NSDL is a financial institution that was established to hold securities such as bonds and shares in a dematerialized format. These securities are kept in depository accounts, which function similarly to bank accounts. The ownership of securities can be transferred quickly through book entries, making it easier to trade. India's capital market has been active for almost a century, but paper-based settlements have caused issues such as poor delivery and delayed transfer execution. To address these concerns, the Depositories Act of 1996 was enacted and implemented on September 20, 1995.

Financial instruments known as securities can be bought and sold on the financial market. These include equity, fixed-income securities, equity warrants, common stocks, and various other financial assets. In this discussion, we will explore the advantages of the TIN NSDL portal and the services offered by the National Assets Depository Limited (NSDL). However, it is important to first familiarize ourselves with the key elements of the TIN NSDL portal.

Components of TIN NSDL Portal

1. The TIN system is comprised of two main subsystems, namely the Electronic Return Acceptance and Consolidation System (ERACS) and the Online Tax Accounting System (OLTAS).
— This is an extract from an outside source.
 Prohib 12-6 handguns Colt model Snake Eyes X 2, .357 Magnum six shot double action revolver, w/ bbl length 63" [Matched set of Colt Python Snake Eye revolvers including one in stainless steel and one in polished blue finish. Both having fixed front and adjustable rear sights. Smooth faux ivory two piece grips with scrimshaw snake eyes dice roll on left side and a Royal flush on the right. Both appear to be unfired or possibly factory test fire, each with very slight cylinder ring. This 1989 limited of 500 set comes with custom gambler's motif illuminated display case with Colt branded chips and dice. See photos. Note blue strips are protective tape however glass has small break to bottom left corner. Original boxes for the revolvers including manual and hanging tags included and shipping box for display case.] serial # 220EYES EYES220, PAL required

2. ERACS is designed to aid in the preparation of Annual Information Reports, TDS, and TCS by processing information provided by taxpayers and transmitting it to the Central System. It is a web-based tool that enables taxpayers to upload electronic returns of TDS, TCS, and AIR to the TIN central system.
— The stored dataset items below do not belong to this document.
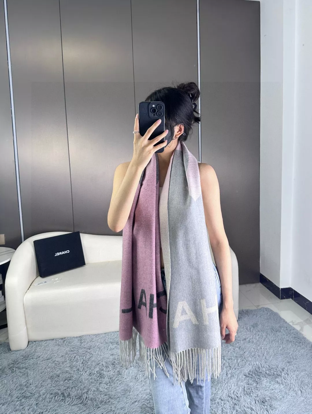 Wholeale cheap replica Chanel Scarves #1379843 prices $60.00 USD online, outlet Size 180*70cm! Wholesale new arrivals cheap fake Chanel Scarves enjoy free shipping and 66%-OFF with best quality! The hot on sale style Chanel Scarves #1379843.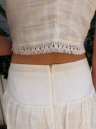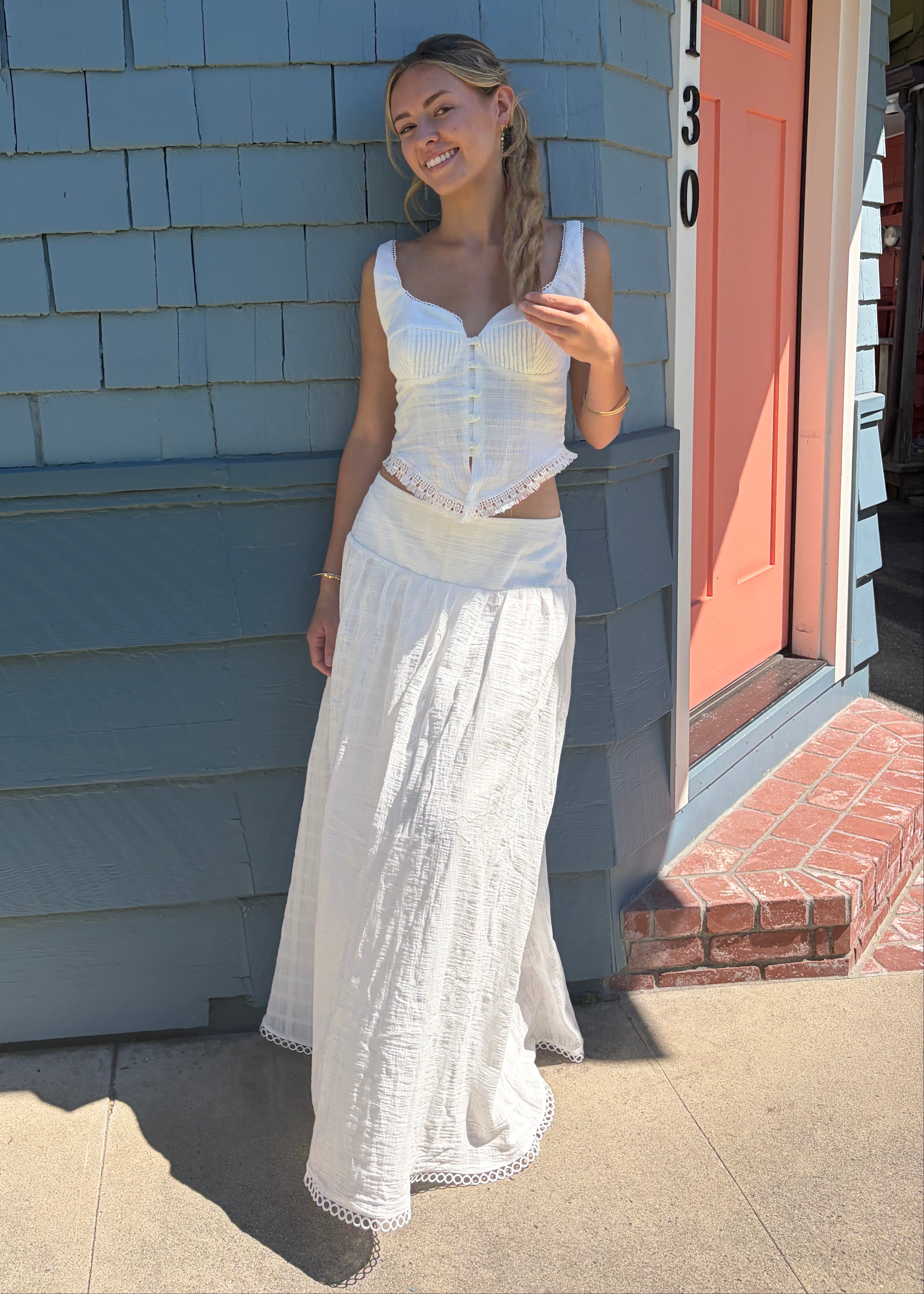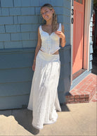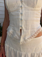 The Lucia Corset Top is a romantic, structured silhouette. Featuring a flattering corset inspired bodice with delicate shaping and soft ruching at the cups, Lucia defines the waist while maintaining an effortless, wearable feel. Subtle trim detailing adds a touch of vintage charm. Designed as part of a two piece matching set, it pairs back beautifully to the Camila Maxi Skirt for a coordinated look that feels elevated, modern, and perfect for vacations, garden parties, and warm weather occasions.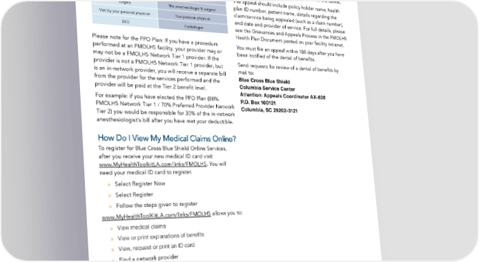 How Will I Be Billed for Medical Services? What If a Medical Service or a Claim Is The chart below gives examples of medical services Denied? What Are My Appeal Rights? that require the attention of a physician who may send a When a claim for bene昀椀ts or service denial occurs separate bill for payment. under the FMOLHS Health Plan, the member receives an explanation of bene昀椀ts (EOB) or service denial letter YOU WILL ALSO RECEIVE IF YOU HAVE: A BILL FROM: explaining the reason for the denial. The member has the right to 昀椀le an appeal to request a review of the denial. X-rays The radiologist The appeal should include policy holder name, health Certain lab tests The pathologist plan ID number, patient name, details regarding the Surgery The anesthesiologist & surgeon claim/service being appealed (such as a claim number), Visit by your personal physician Your personal physician and date and provider of service. For full details, please EKG Cardiologist see the Grievances and Appeals Process in the FMOLHS Health Plan Document posted on your facility intranet. Please note for the PPO Plan: If you have a procedure You must 昀椀le an appeal within 180 days after you have performed at an FMOLHS facility, your provider may or been noti昀椀ed of the denial of bene昀椀ts. may not be a FMOLHS Network Tier 1 provider. If the Send requests for review of a denial of bene昀椀ts by provider is not a FMOLHS Network Tier 1 provider, but mail to: is an in-network provider, you will receive a separate bill Blue Cross Blue Shield from the provider for the services performed and the Columbia Service Center provider will be paid at the Tier 2 bene昀椀t level. Attention: Appeals Coordinator AX-830 For example: if you have elected the PPO Plan (80% P.O. Box 100121 FMOLHS Network Tier 1 / 70% Preferred Provider Network Columbia, SC 29202-3121 Tier 2) you would be responsible for 30% of the in-network anesthesiologist’s bill after you have met your deductible. How Do I View My Medical Claims Online? To register for Blue Cross Blue Shield Online Services, after you receive your new medical ID card visit www.MyHealthToolkitLA.com/links/FMOLHS. You will need your medical ID card to register. » Select Register Now » Select Register » Follow the steps given to register www.MyHealthToolKitLA.com/links/FMOLHS allows you to: » View medical claims » View or print explanations of bene昀椀ts » View, request or print an ID card » Find a network provider 16

3. On the other hand, OLTAS is primarily used by the department to obtain information about tax deposits made across the country. OLTAS processes the tax collected by various tax collection branches in India and sends it to the Central System for review by authorities.

Benefits of NSDL TIN

1. The risk associated with paper-based transactions, where buyers couldn’t inspect the quality of the asset before purchasing, has been minimized. This is because securities are now maintained in dematerialized form, eliminating the possibility of poor delivery.
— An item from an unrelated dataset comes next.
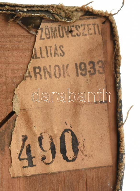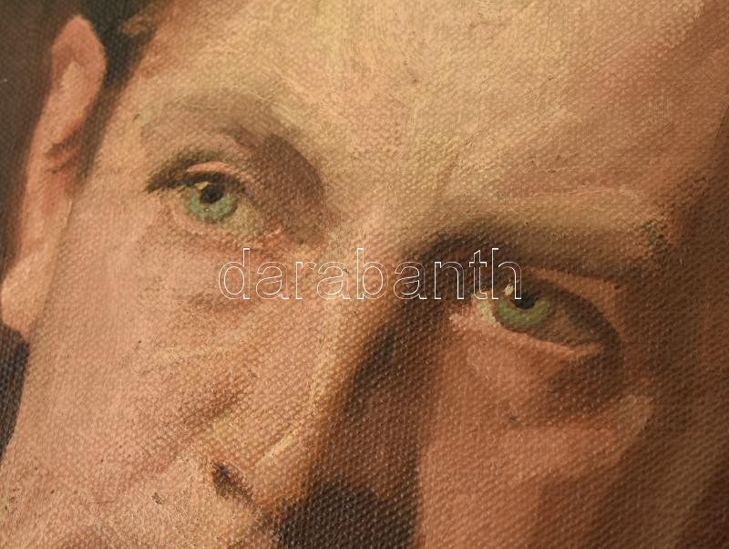 Kukán Géza (1890-1936): Sárdy Brutus festő, restaurátor arcképe, 1931. Olaj, vászon, jelzett. Hátoldalán Képzőművészeti kiállítás Műcsarnok 1933 valamint 1931/32 műcsarnoki raglappal. Bal szélén kisebb felületi sérülésekkel. 80×60 cm. / Géza Kukán (1890-1936): Portrait of painter Brutus Sárdy, 1931. Oil on canvas, signed. With two exhibition labels on the reverse. With small damages on the left edge. 80×60 cm.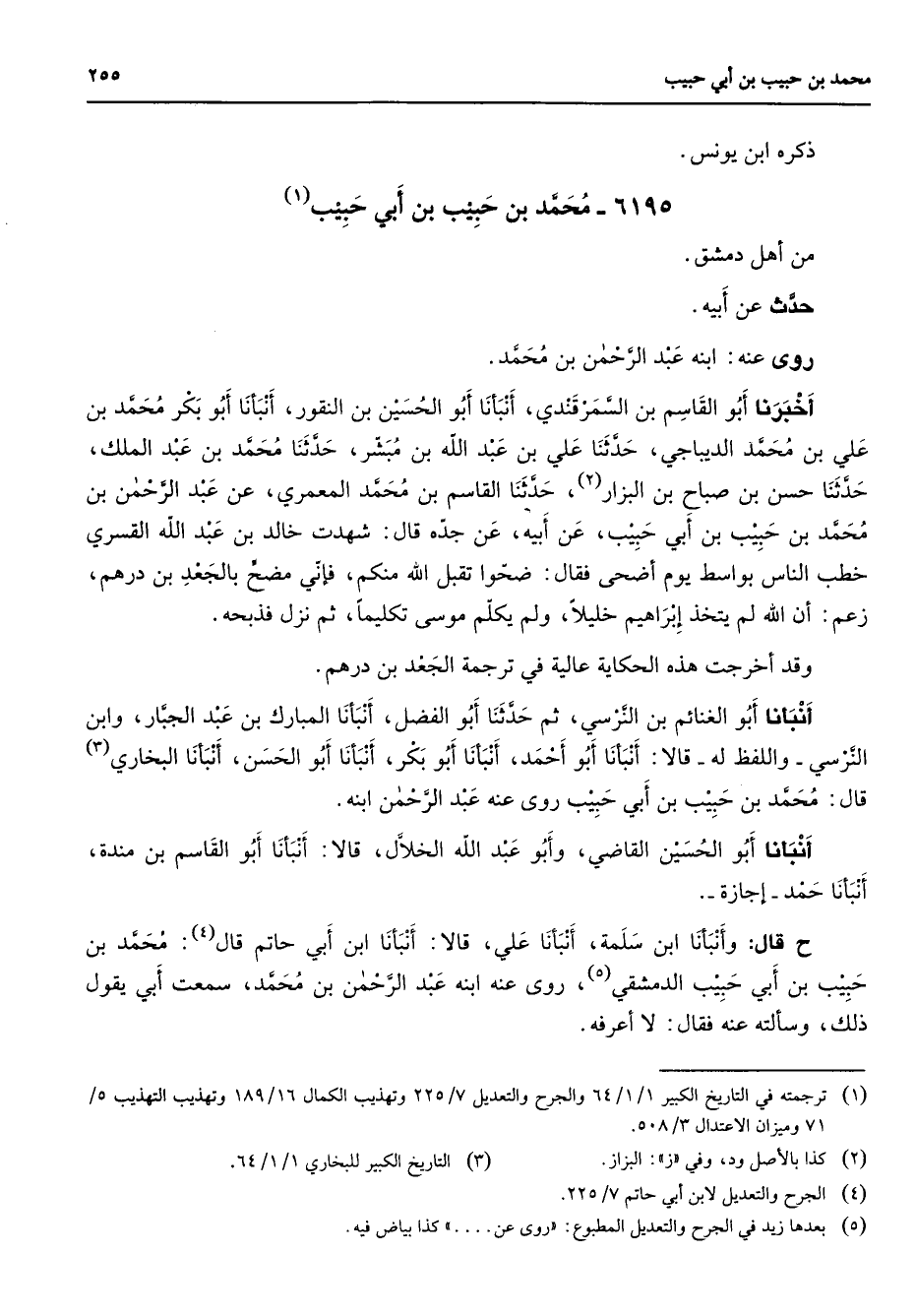 6195 - محمد بن حبيب بن أبي حبيب (1) من أهل دمشق حدث عن أبيه روى عنه ابنه عبد الرحمن بن محمد أخبرنا أبو القاسم بن السمرقندي أنبأنا أبو الحسين بن النقور أنبأنا أبو بكر محمد بن علي بن محمد الديباجي حدثنا علي بن عبد الله بن مبشر محمد بن عبد الملك حدثنا حسن بن صباح بن البزار (2) حدثنا القاسم بن محمد المعمري عن عبد الرحمن بن محمد بن حبيب بن أبي حبيب عن أبيه عن جده قال شهدت خالد بن عبد الله القسري خطب الناس بواسط يوم أضحى فقال ضحوا تقبل الله منكم فإني مضح بالجعد بن درهم زعم أن الله لم يتخذ إبراهيم خليلا ولم يكلم موسى تكليما ثم نزل فذبحه وقد أخرجت هذه الحكاية عالية في ترجمة الجعد بن درهم أنبأنا أبو الغنائم بن النرسي ثم حدثنا أبو الفضل أنبأنا المبارك بن عبد الجبار وابن النرسي واللفظ له قالا أنبأنا أبو أحمد أنبأنا أبو بكر أنبأنا أبو الحسن أنبأنا البخاري (3) قال محمد بن حبيب بن أبي حبيب روى عنه عبد الرحمن ابنه أنبأنا أبو الحسين القاضي وأبو عبد الله الخلال قالا أنبأنا أبو القاسم بن مندة أنبأنا حمد إجازة ح قال وأنبأنا ابن سلمة أنبأنا علي قالا أنبأنا ابن أبي حاتم قال (4) محمد بن حبيب بن أبي حبيب الدمشقي (5) روى عنه ابنه عبد الرحمن بن محمد سمعت ابي يقول ذلك وسألته عنه فقال لا أعرفه

2. The depository system has eliminated the risks related to physical certificates, such as theft, wear and tear, mutilation, and destruction. By keeping certificates in Demat form, these dangers are no longer a concern. Additionally, it saves money on the expense of providing duplicate certificates.


3. Stamp duty, which was previously required, is no longer necessary when securities are transferred through depositories. This applies to the transfer of stock shares, debt instruments, or mutual funds.


4. In a depository system, once a security is credited to an investor’s account, they legally own that security.

This is different from the physical system, where ownership change required sending certificates to the business registration, resulting in a lengthy process and potential risks.

 

5. Settlement in the depository system occurs on the second working day after the trading day, allowing for faster transaction turnover and increased liquidity for investors.


6. The depository system enables the faster disbursement of non-cash corporate benefits, such as bonus shares and right shares, directly to the investor’s account. This ensures a speedy and secure transfer of securities without the risk of certificates being lost in transit.


7. Transferring securities through depositories reduces brokerage costs by minimizing back-office operations.